Briefly thought about doing the foot control recess, but as others, I rarely have the foot control in the same spot. It would provide some relief to the leg though


----------



## DahFISH (Feb 12, 2008)

I had one installed this past season and I love it. I didnt want to cut a hole that size myself so I took it to my boat guy and he installed it for $120.


----------



## Popeye (Feb 12, 2008)

I'm probably gonna do it IF I can find on that has a sturdy cover so it's not a trip hazard.


----------



## bassboy1 (Feb 12, 2008)

You can make yourself a sturdy cover. Get you some 1/8 inch aluminum, probably diamond plate, so it will be a non slid surface. Then, cut it out, so that it is 2 inches, longer, and 2 inches wider than the recessed pedal. So, when you cover the hole, it will hold on 1 inch all the way around. Now, get you some 1 inch angle, could probably be as thin as 1/16 inch or so, and put it underneath, 1 inch in from the sides, so it provides a lip. Now, drop that in your hole, and the lip will keep it solid and snug, and you will have a nice, slip in removable cover. The lip could be riveted on, or you could put flat head stainless machine screws in. 

Does this make any sense?


----------



## redbug (Feb 12, 2008)

you would still have the cable sticking out from under the plate.
I have had the recessed pedal on my boat for 4 years it isn't the tripping hazard that you would think it is..
Wayne


----------



## bassboy1 (Feb 12, 2008)

redbug said:


> you would still have the cable sticking out from under the plate.
> I have had the recessed pedal on my boat for 4 years it isn't the tripping hazard that you would think it is..
> Wayne


He had mentioned it being a tripping hazard when the trolling motor is off the boat. Without the trolling motor, you won't have the cable either.


----------



## Jim (Feb 12, 2008)

If I was going to keep my boat I would do it for sure. Mine is screwed down, It came like that.


----------



## Bubba (Oct 20, 2009)

I know this is way old, but i'm gonna bring it back. 

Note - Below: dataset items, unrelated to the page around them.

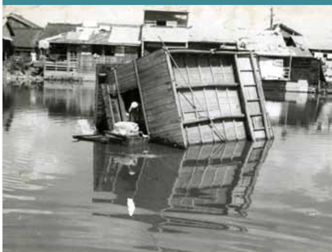
池の中に吹き飛ばされた奈良市の民家（昭和36年9月14～16日・第2室戸台風・本文133ページへ）
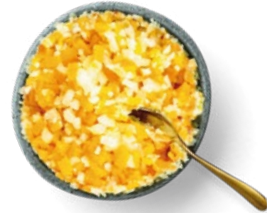
Riced Cauliflower and Butternut Squash Arroz de Coliflor y Calabaza
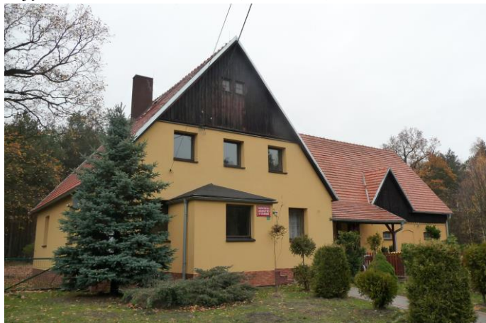
Zdjęcie nr 23. Leśniczówka, ul. Leśna 2, Stobrawa

Na terenie gminy znajdują się trzy zabytkowe leśniczówki. Dwie z nich powstały w Stobrawie. Jest to zespół zabudowań leśnictwa zlokalizowany po obu stronach ul. Kani 17, który składa się z budynku głównego, o ceglano - drewnianej architekturze, obok stoi stodoła o konstrukcji ryglowej z ceglanym wypełnieniem. Po drugiej stronie drogi znajduje się niewielki budynek gospodarczy i stodoła w konstrukcji ryglowej. Wszystkie budynki powstały około 1925 r. Obecnie nie pełnią pierwotnej funkcji - zabudowania gospodarcze zostały opuszczone, budynek główny pełni rolę budynku mieszkalnego. Druga leśniczówka w Stobrawie, powstała około 1925 r. i do dzisiaj użytkowana jest zgodnie z pierwotnym przeznaczeniem. Ma formę rozległego domostwa na planie litery „T” łączącego funkcję administracyjną, mieszkalną i gospodarczą. Wzniesiono ją z cegły, z użyciem drewnianych szalunków w szczytach. Trzecia leśniczówka znajduje się w Lubieni. Wzniesiona w około 1900 r. Usytuowana w centrum wsi, naprzeciwko kościoła. To niewielka budowla o ceglanym licu, wzniesiona na podmurówce z kamienia wapiennego. Obok niewielka stodoła o ryglowej konstrukcji.

I'm in the mood for some kind of DIY project for my boat, and i'm pondering on looking into doing this to my boat. Although I don't want to spend the $100+ bucks for one of the aftermarket trays. Just wondering if any of you guys might have any ideas on some way to make my own recess, but still have a nice clean finished look to the "hole". I'm open to suggestions.


----------



## russ010 (Oct 20, 2009)

bubba - look through bassboy1's mod of his 1542 yazoo.... he made one out of aluminum and it is sweet


----------



## caver101 (Oct 20, 2009)

Whats the cheapest source for these "trays". I would like one!


----------



## Bubba (Oct 20, 2009)

russ010 said:


> bubba - look through bassboy1's mod of his 1542 yazoo.... he made one out of aluminum and it is sweet




Yeah, But his was made into the deck, I need something I can drop in and attach as a seperate piece. Not to mention I won't have enough carpet to go all the way in it and carpet the inside. :-k


----------



## russ010 (Oct 20, 2009)

I though his was a drop in... maybe I'm thinking about his anchor box that's right in front of the trolling motor


----------



## russ010 (Oct 20, 2009)

caver101 said:


> Whats the cheapest source for these "trays". I would like one!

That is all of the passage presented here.